*** Stored data ***

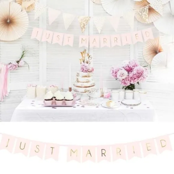 Profitez De La Banniere Just Married Rose Claire, Une Guirlande Sur Le Theme Just Married Dans Les Tons Rose Clairs A Suspendre Dans Votre Salle De Cérémonie
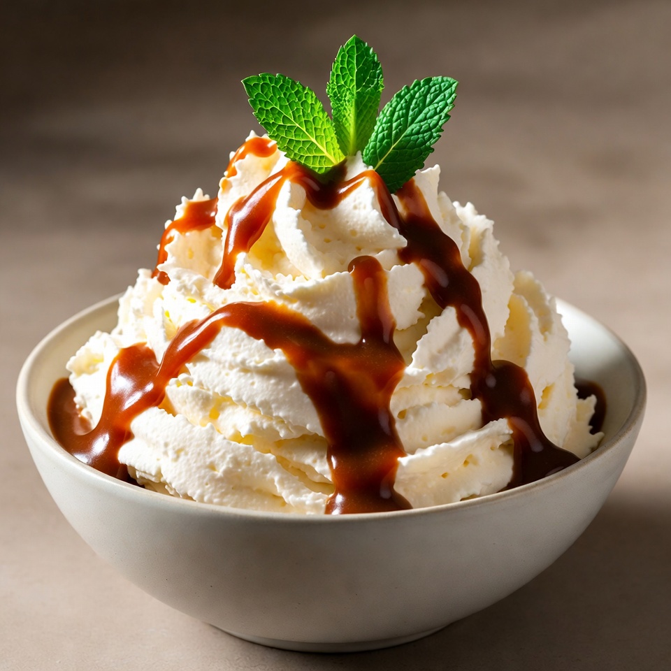 A white bowl holds a generous swirl of whipped cream topped with thick caramel sauce drizzle. Fresh mint leaves garnish the top. The dessert sits on a neutral background.
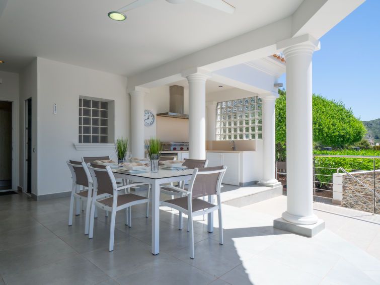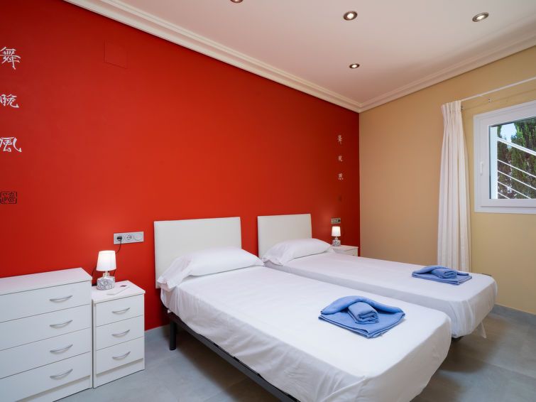 "El Portet", 7-room villa 350 m2 on 2 levels. Spacious, comfortable furnishings: living/dining room with satellite TV and air conditioning. Exit to the garden, to the terrace, to the swimming pool. Office. 1 room with 1 french bed (150 cm, length 200 cm), air conditioning. 1 room with 1 french bed (150 cm, length 200 cm), air conditioning.
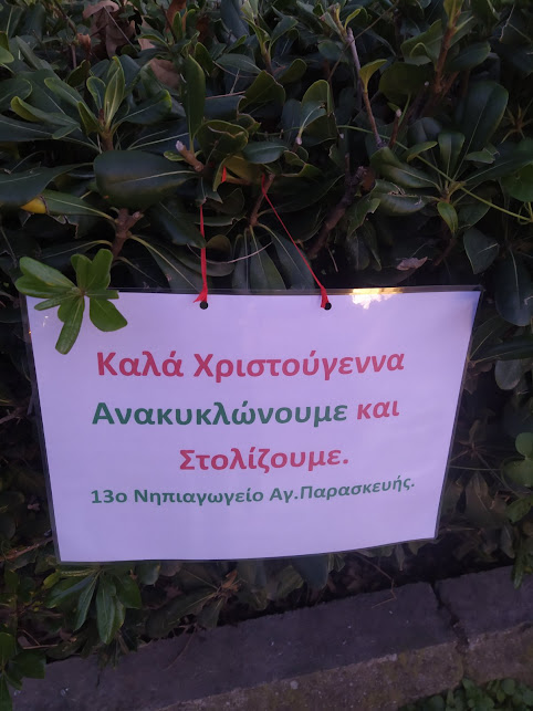 Ανακυκλώνουμε και στολίζουμε το δέντρο της γειτονικής μας πλατείας.

*** End of Stored data ***

*Exercise prompt*.
In the reply, every line of the material above is to be reproduced verbatim, and the images are to be left out.

*Solution for this task*.
 Profitez De La Banniere Just Married Rose Claire, Une Guirlande Sur Le Theme Just Married Dans Les Tons Rose Clairs A Suspendre Dans Votre Salle De Cérémonie
 A white bowl holds a generous swirl of whipped cream topped with thick caramel sauce drizzle. Fresh mint leaves garnish the top. The dessert sits on a neutral background.
 "El Portet", 7-room villa 350 m2 on 2 levels. Spacious, comfortable furnishings: living/dining room with satellite TV and air conditioning. Exit to the garden, to the terrace, to the swimming pool. Office. 1 room with 1 french bed (150 cm, length 200 cm), air conditioning. 1 room with 1 french bed (150 cm, length 200 cm), air conditioning.
 Ανακυκλώνουμε και στολίζουμε το δέντρο της γειτονικής μας πλατείας.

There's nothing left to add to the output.